There were already suspicions about France’s role. In September, the French ambassador to the Czech Republic praised on twitter the Franco-Czech alliance and its work for the inclusion of gas and nuclear in the taxonomy.

Proposals at odds with EU climate objectives

 

If this undermining succeeds, Europe will have a “green taxonomy” that will block – rather than contribute to – the alignment of financial flows with the objectives of the Paris Agreement, according to the NGO Reclaim Finance.

In this case, many investors, both institutional and retail, will refuse to trust products aligned with the taxonomy. The investor group UN Principles for Responsible Investment (UN PRI) has already warned of the “risks of tarnishing investor confidence.” The well-established practice in the green bond market is not to include fossil fuels or nuclear power. The French Greenfin label – like several other international environmental labels – excludes nuclear.

At a time when it is crucial to mobilize the savings of European citizens to finance the transition, the Germans, but also the French, are mostly opposed to the development of nuclear power. Taxonomy is a central part of the European Union’s sustainable finance strategy. Its discrediting and unscientific nature would ruin the effectiveness of other financial tools that would refer to it. By qualifying activities such as gas – a fossil fuel (4) – as sustainable, the taxonomy would become a greenwashing tool, even though it was intended to limit these risks.
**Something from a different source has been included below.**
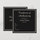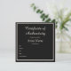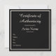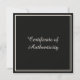 Black and ivory Certificate of Authenticity card for art in a square format.
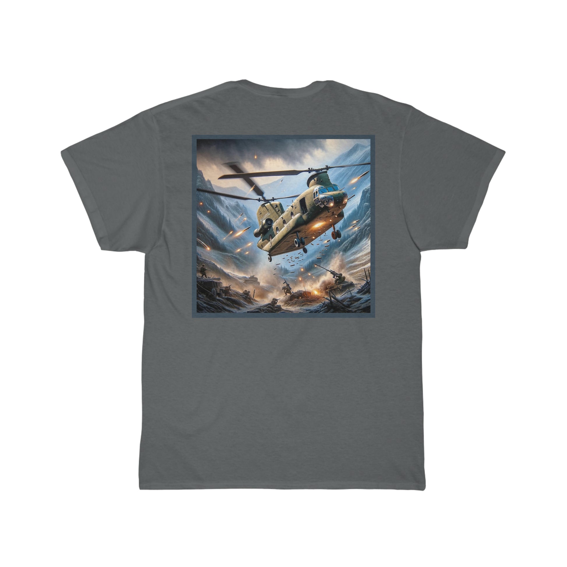 This t-shirt captures the essence of the battlefield with its realistic depiction of a mountainous warzone, where every peak and valley becomes part of the tactical landscape. It's a tribute to the unfailing spirit of those who serve, a wearable testament to their sacrifices and unyielding bravery.

“As the most important climate summit of the decade gets underway, France is scheming to include fossil gas and nuclear power in the taxonomy, putting its nuclear industry ahead of the climate emergency. We strongly condemn this undermining, which, if successful, will be the death of a key piece of the European Union’s sustainable finance strategy. These actions are destroying the reputation that France built 6 years ago with the COP21. A few months before the French Presidency of the European Union, they do not augur well for France’s ability to decarbonize finance to make it a tool to reach European and international climate objectives. ” comments Lucie Pinson, Director of Reclaim Finance.

Press contacts:

Lucie Pinson, director, lucie@reclaimfinance.org, +33 (6)79543715

Angus Satow, press officer, angus@reclaimfinance.org, +447847754046

Notes:

  1. The criteria for the inclusion of gas proposed in this note are even lower than those considered by the Commission a few months ago. For example, the proposed emissions threshold for gas is higher than current emissions from recent gas-fired power plants and than the average carbon intensity of European power generation. The leaked document in March 2021 had already attracted strong criticism from scientists, financial institutions and civil society, and the proposals were not adopted following the outcry. The new proposals may be deliberately more conservative in order to force a compromise similar to the March proposals. The new proposals are analyzed by WWF in its press release.
  2. The source of the note has not yet been officially confirmed, but several sources link it to France. This hypothesis is credible insofar as the work of France alongside several countries – including Poland and the Czech Republic – championing gas is now proven and as the French government has already responded officially to be in favor of a gas inclusion “scientifically established”.
  3. Reclaim Finance analyzes the various attempts to include gas and nuclear in the taxonomy and why they are not consistent with science in its report released in July 2021.
  4. The proposals for gas inclusion could prevent the European energy sector from decarbonizing at a speed compatible with the Paris Agreement and achieving carbon neutrality by 2035 as called for by the IEA. They would also favor gas imports that are already strained and costly, both environmentally and economically.